Say you want to install RealtimeTTS only for local neuronal Coqui TTS usage, then you should use:

pip install realtimetts[coqui]

For example, if you want to install RealtimeTTS with only Azure Cognitive Services Speech, ElevenLabs, and OpenAI support:

pip install realtimetts[azure,elevenlabs,openai]

Virtual Environment Installation

For those who want to perform a full installation within a virtual environment, follow these steps:

python -m venv env_realtimetts
env_realtimetts\Scripts\activate.bat
python.exe -m pip install --upgrade pip
pip install -U realtimetts[all]

More information about CUDA installation.

Engine Requirements

Different engines supported by RealtimeTTS have unique requirements. Ensure you fulfill these requirements based on the engine you choose.

SystemEngine

The SystemEngine works out of the box with your system's built-in TTS capabilities. No additional setup is needed.

GTTSEngine

The GTTSEngine works out of the box using Google Translate's text-to-speech API. No additional setup is needed.

OpenAIEngine

To use the OpenAIEngine: - set environment variable OPENAI_API_KEY - install ffmpeg (see CUDA installation point 3)

AzureEngine

To use the AzureEngine, you will need: - Microsoft Azure Text-to-Speech API key (provided via AzureEngine constructor parameter "speech_key" or in the environment variable AZURE_SPEECH_KEY) - Microsoft Azure service region.

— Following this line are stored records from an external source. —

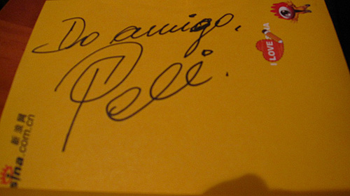 對話進行到這個時候,貝利乘坐的奔馳車開了過來。在臨分手的時候,我友好的表示邀請他有機會來中國玩。貝利很友好的在記者記錄我們談話內容的筆記本上簽下:給我的兄弟,貝利。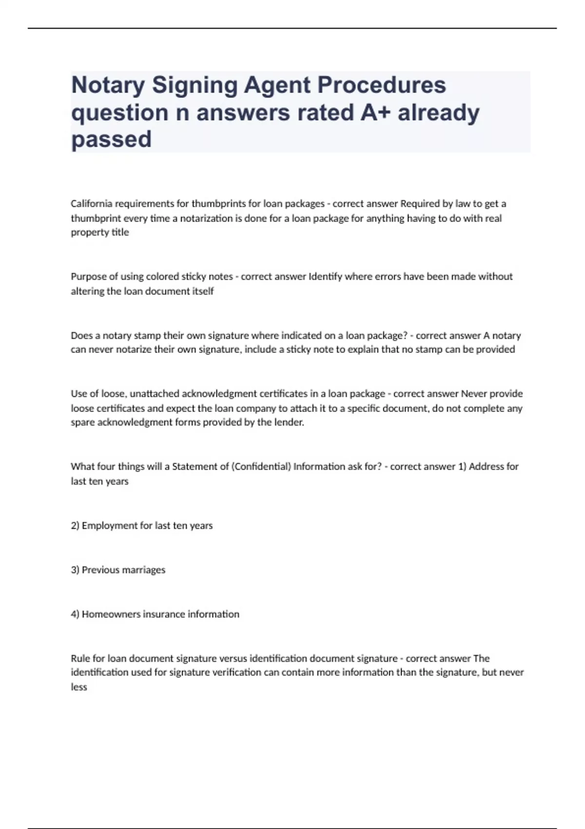 Notary Signing Agent Procedures question n answers rated A+ already passedCalifornia requirements for thumbprints for loan packages - correct answer Required by law to get a thumbprint every time a notarization is done for a loan package for anything having to do with real property title Purpose of using colored sticky notes - correct answer Identify where errors have been made without altering the loan document itself Does a notary stamp their own signature where indicated on a loan package? - correct answer A notary can never notarize their own signature, include a sticky note to explain that no stamp can be provided Use of loose, unattached acknowledgment certificates in a loan package - correct answer Never provide loose certificates and expect the loan company to attach it to a specific document, do not complete any spare acknowledgment forms provided by the lender. What four things will a Statement of (Confidential) Information ask for? - correct answer 1) Address for last ten years 2) Employment for last ten years 3) Previous marriages 4) Homeowners insurance information Rule for loan document signature versus identification document signature - correct answer The identification used for signature verification can contain more information than the signature, but never less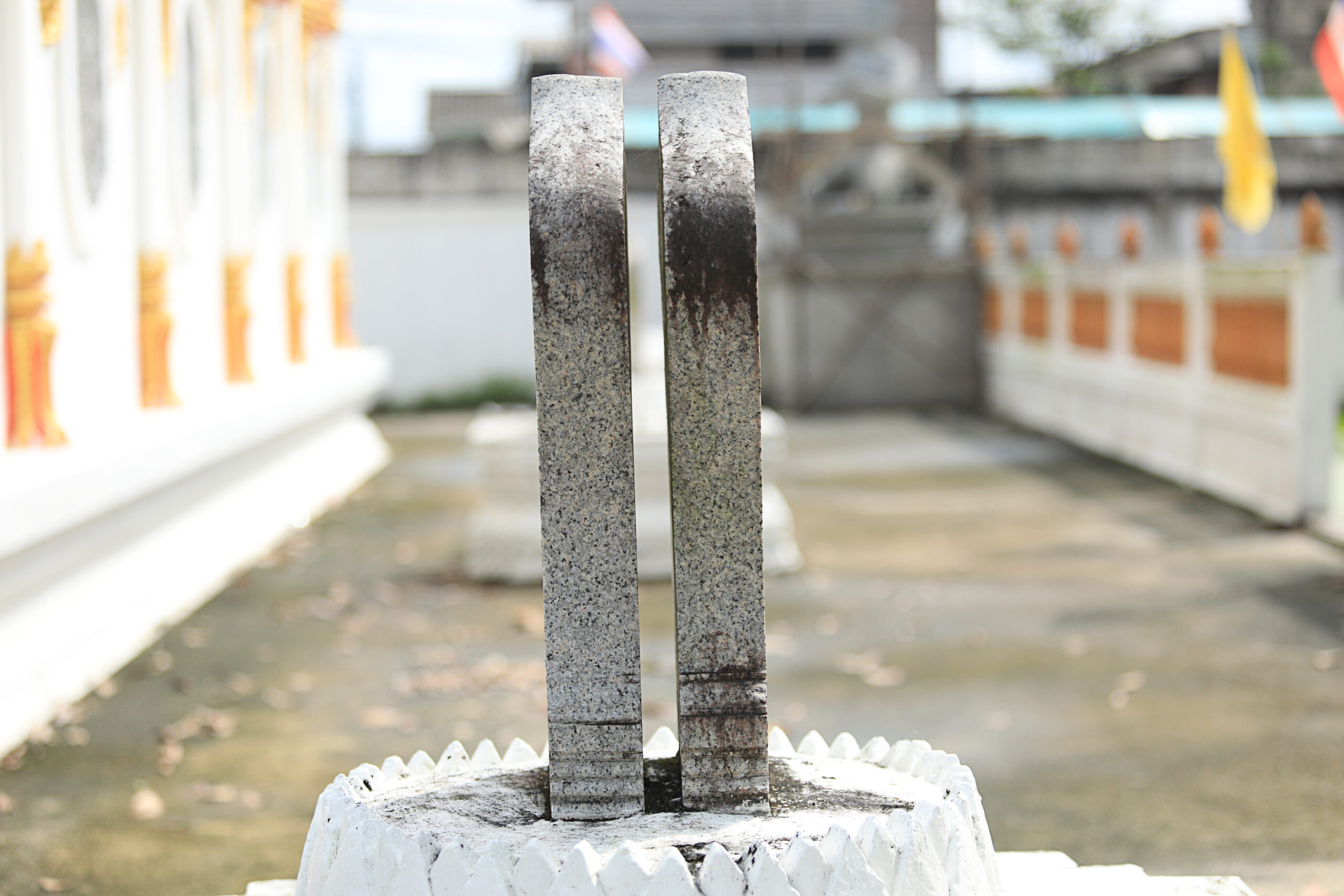 ใบเสมา ตั้งอยู่บนฐานบัว ถัดขึ้นไปทำเป็นรูปดอกบัวบาน ใบเสมา เป็นเสมาคู่ ประดิษฐานอยู่ภายในดอกบัว ภายในพระอุโบสถมีพระพุทธสิหิงค์เป็นพระประธาน ประดิษฐานอยู่ภายใต้ฉัตร 3 ชั้น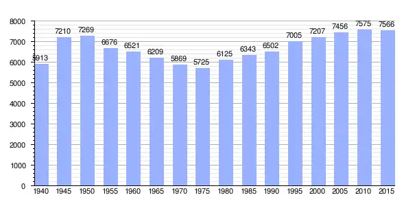 Gráfica de evolución demográfica de Hara entre 1940 y 2015 |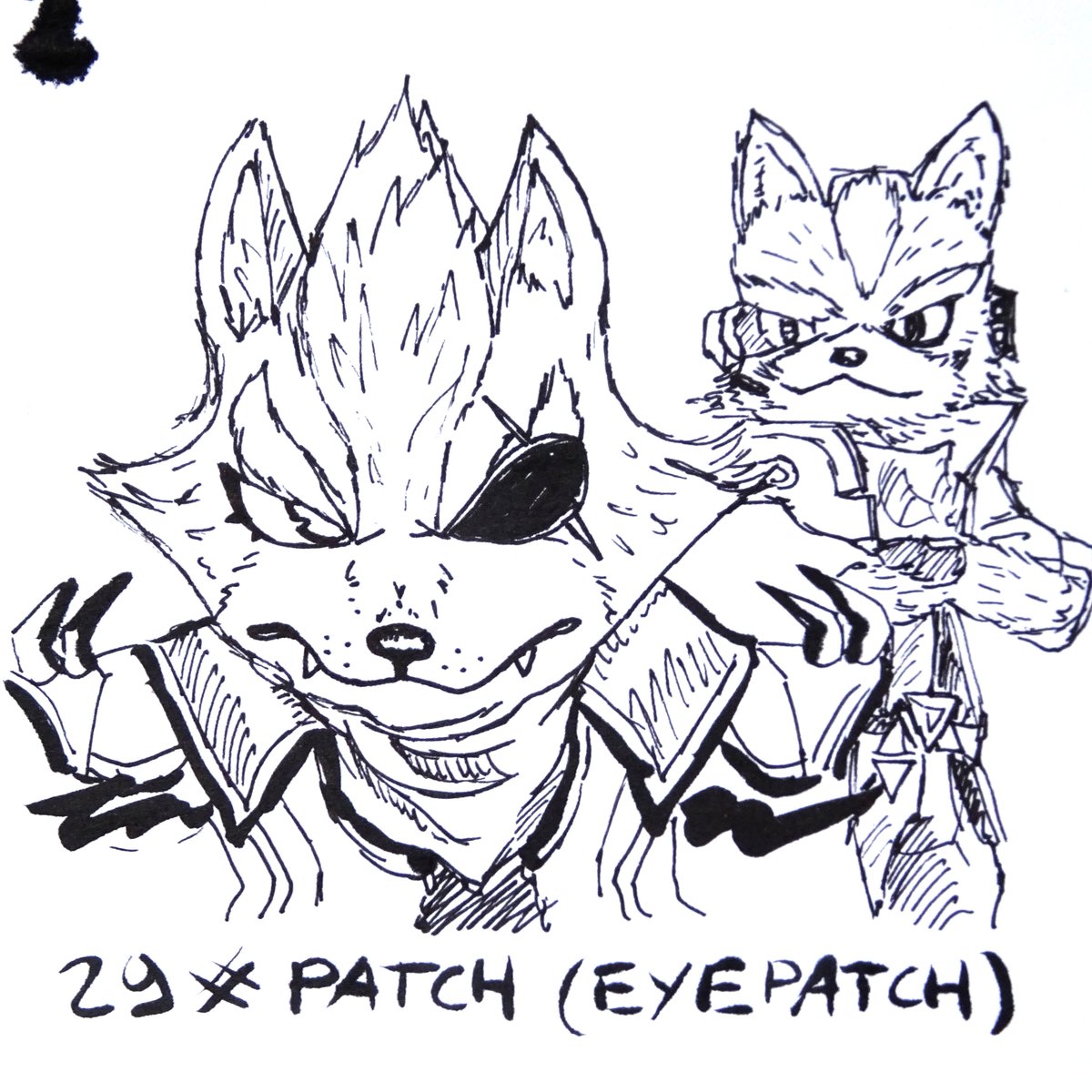 Day 29 - Patch : Wolf O'Donell arbore un "eyepatch". Je suis vraiment content de cette illustration de la rivalité avec Fox McCloud depuis l'école navale de Corneria. Partagez =D #SSBU #inktober2021day29 #inktober #ssbu_wolf #SmashBrosSP #ssbu_wolf #starfox

Make sure you have these credentials available and correctly configured when initializing the AzureEngine.

ElevenlabsEngine

For the ElevenlabsEngine, you need: - Elevenlabs API key (provided via ElevenlabsEngine constructor parameter "api_key" or in the environment variable ELEVENLABS_API_KEY) - mpv installed on your system (essential for streaming mpeg audio, Elevenlabs only delivers mpeg).

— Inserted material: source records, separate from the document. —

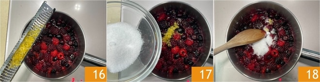 Allumez le feu moyen-doux, puis ajoutez le zeste de citron râpé 16 et le sucre 17. Cuisez pendant environ 15 minutes, en mélangeant de temps en temps 18.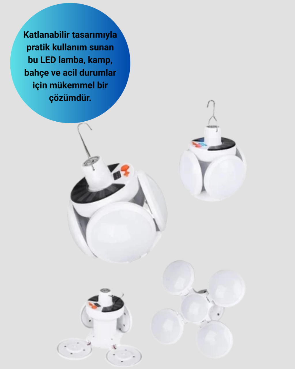 Solar enerjili katlanabilir LED lamba, 5 kanatlı tasarımıyla farklı açılarda aydınlatma imkanı sunar. 45 adet güçlü LED sayesinde geniş alanları rahatlıkla aydınlatır. 2400mAh lityum pili sayesinde 6-8 saat kesintisiz çalışır. Hem güneş enerjisiyle hem de USB kablosuyla şarj edilebilir. Katlanabilir kanatları ışığı dilediğiniz yöne yönlendirmenize imkan tanır. IP65 su geçirmez yapısı ile bahçe, kamp ve dış mekanlarda güvenle kullanılabilir. Askı aparatı sayesinde çadır, veranda veya balkonda kolayca kullanılabilir. Acil durumlarda da pratik bir aydınlatma sağlar. Çevre dostu, ekonomik ve taşınabilir yapısıyla günlük kullanım için idealdir.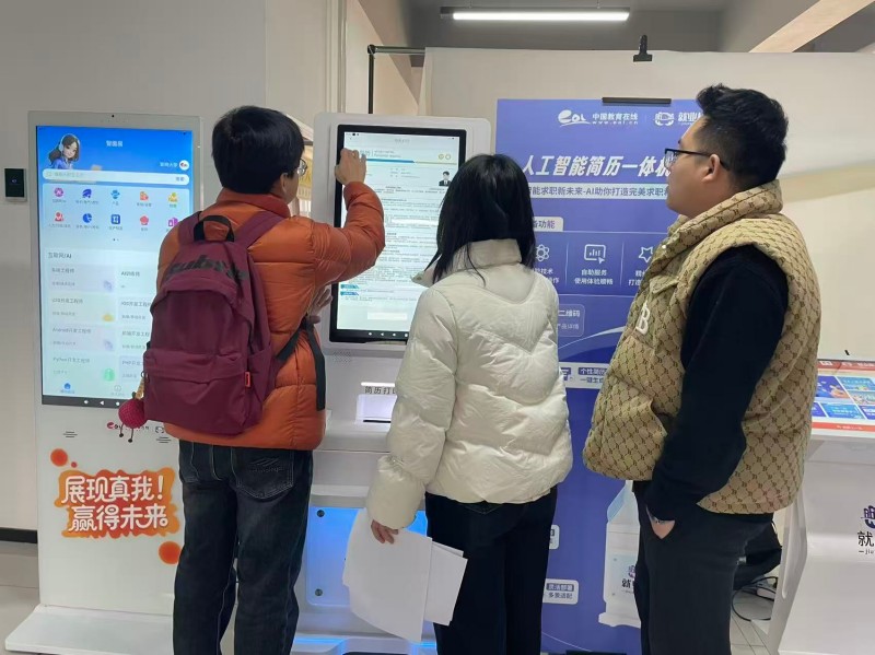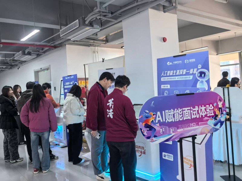 本次活动特别设置了AI面试体验区与职业形象指导区两大特色环节。在AI面试体验区,学生通过人工智能面试屏与AI面试官进行仿真对话,系统即时生成包含表达能力、逻辑思维、岗位匹配度等多维度的评估报告,不少学生表示“仿佛进行了一场真实的面试,反馈非常直观有用”。简历服务区同样人头攒动,学生们利用简历一体机快速生成或优化个人简历,并通过现场打印设备及时输出纸质简历,直接投递给心仪企业,实现了“即制即用、无缝对接”。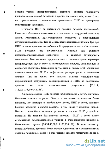 Этиология ГПТТГ до настоящего времени остается неизвестной. Развитие заболевания связывают с отложением в сосудистой стенке и тканях гранулярных Ig-A-содержащих депозитов с последующей активацией комплемента. Тем не менее, патогенетическое значение IgA при ГТТЇІГ, а также причины его избыточной продукции остаются не ясными. Было показано, что неизмененная молекула IgA обладает противовоспалительными свойствами и не способна активировать комплемент. Высказывается предположение о компенсаторном характере гиперпродукции IgA в ответ на инфекционный процесс, возникающий в слизистых оболочках. Косвенным аргументом в пользу этой концепции является ассоциация ПТІ.ІГ с инфекциями респираторного и кишечного трактов. Тем не менее, все попытки выявить специфический инфекционный возбудитель, ассоциированный с ГПТГГ, до настоящего времени не дали положительных результатов [82,114, 116,125,135,140,142,156].
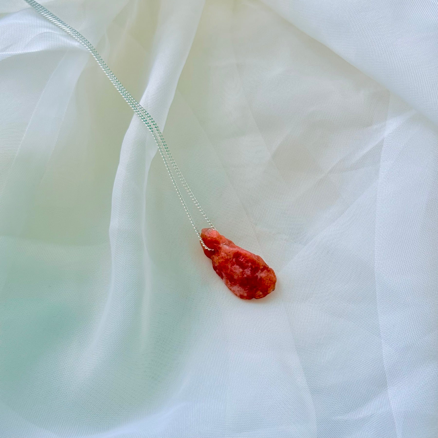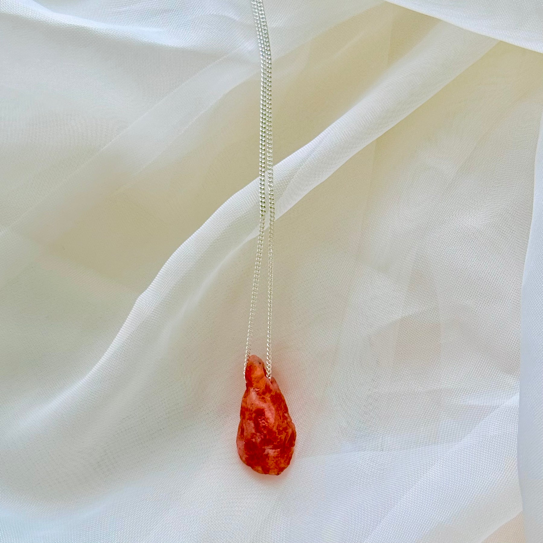 Calcita Laranja - colar longo 70 cm (prata 925)

🔹 Installing mpv: - macOS: brew install mpv

  • Linux and Windows: Visit mpv.io for installation instructions.

CoquiEngine

Delivers high quality, local, neural TTS with voice-cloning.

Downloads a neural TTS model first. In most cases it be fast enough for Realtime using GPU synthesis. Needs around 4-5 GB VRAM.

  • to clone a voice submit the filename of a wave file containing the source voice as "voice" parameter to the CoquiEngine constructor
  • voice cloning works best with a 22050 Hz mono 16bit WAV file containing a short (~5-30 sec) sample

On most systems GPU support will be needed to run fast enough for realtime, otherwise you will experience stuttering.

CUDA installation

These steps are recommended for those who require better performance and have a compatible NVIDIA GPU.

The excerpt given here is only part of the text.